About this post
This post is a sequel to the previous one below. Please refer to the earlier post before reading this one.
Let's build a simple MLOps workflow on AWS! #1 - ML model preperation - DEV Community
https://dev.to/hikarunakatani/lets-build-a-simple-mlops-workflow-on-aws-1-ml-model-preperation-3af8
Overview
In the previous post, I showed how to implement a simple deep learning model. However, that code was intended for a local laptop environment and was purely experimental. By containerizing the application, you can ensure consistent and reproducible execution across different environments. This approach also enables the use of container orchestration tools like Kubernetes, which simplify managing, scaling, and orchestrating ML training jobs. Running machine learning tasks on a container orchestration tool is especially beneficial for training large ML models, as it allows for distributed training across multiple nodes and efficient resource utilization.
In this post, I'll explain how to run the training code as a Docker container on Amazon ECS. Additionally, I'll demonstrate how to automatically build and deploy the container when changes are made to the model.
Without further ado, let's first look at the overall architecture needed to implement this workflow!
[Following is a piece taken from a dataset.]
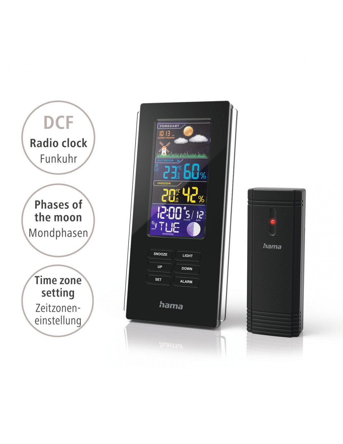 „Hama Color Edge“ meteorologinė stotelė, termometras, higrometras, mėnulio fazė, laikrodis-radijas - juodas

Architecture of the system
In this system, the following workflow will be executed:
- A developer pushes an ML model to the GitHub repository
- The training task, including the model, is automatically built as a Docker image and pushed to the ECR repository
- EventBridge detects the push in the ECR repository and invokes a Lambda function
- Lambda function invokes the ECS task
- The pre-trained ML model gets automatically saved to an S3 bucket
To achieve this, we'll tackle the following tasks step-by-step:
- Preparing AWS resources to automate the deployment process of the training task.
- Building a CI/CD pipeline for the ML model to automatically push Docker images to the repository.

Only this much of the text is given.